SUPPLIED DATA:
===

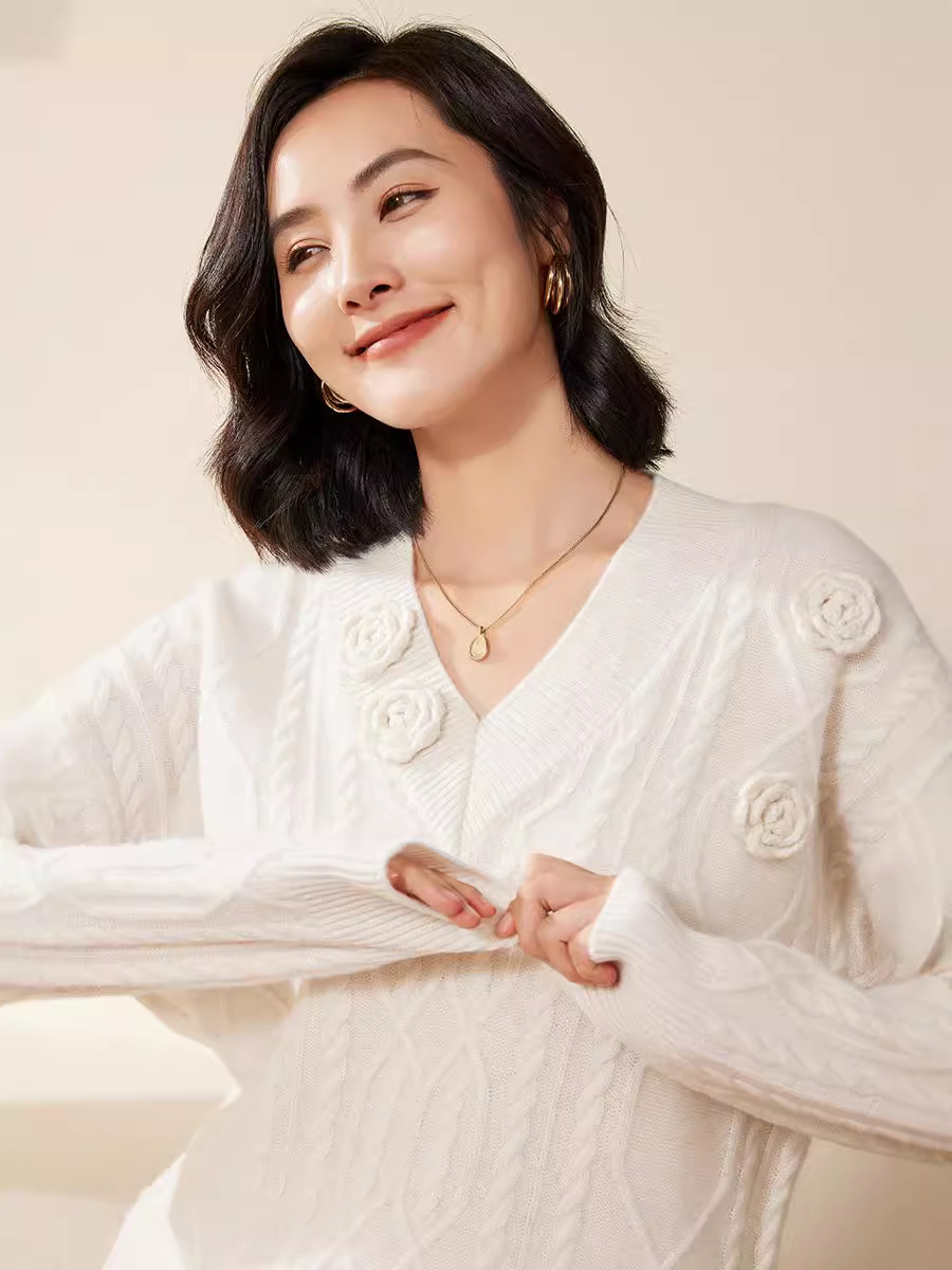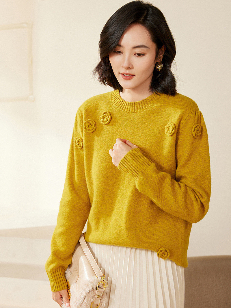 手縫い花100純ウールシャツ女性金ラクダゆるいセーター2024新秋冬丸襟ニットシャツ
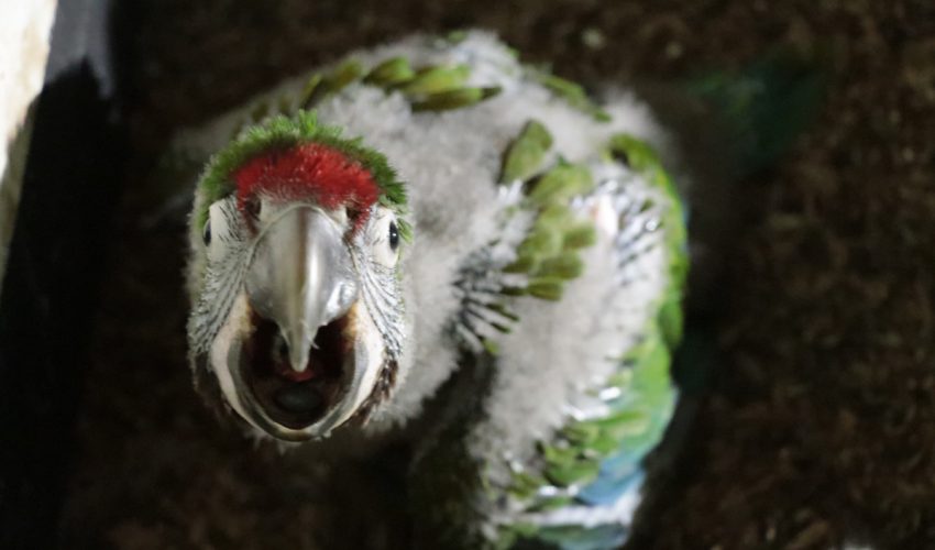 Nace en Tamaulipas primer polluelo de Guacamaya Verde
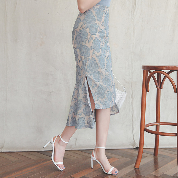 Unbalance Slit Flower Embroidery Mermaid Skirt
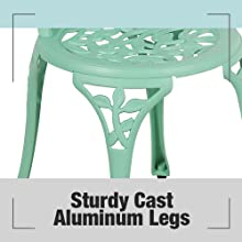 - PREMIUM CAST ALUMINUM-Made of strong cast aluminum with rust- & weather-resistant finish, the 3-piece patio bistro set is durable but lightweight. The sturdy frame helps ensure that the outdoor bistro table and chair set lasts for several years.

===

PROBLEM DESCRIPTION: Please copy the lines above, starting at the one that holds "Unbalance Slit Flower" and stopping after the last line, exactly as they appear and minus the pictures.

RESPONSE AREA:
 Unbalance Slit Flower Embroidery Mermaid Skirt
 - PREMIUM CAST ALUMINUM-Made of strong cast aluminum with rust- & weather-resistant finish, the 3-piece patio bistro set is durable but lightweight. The sturdy frame helps ensure that the outdoor bistro table and chair set lasts for several years.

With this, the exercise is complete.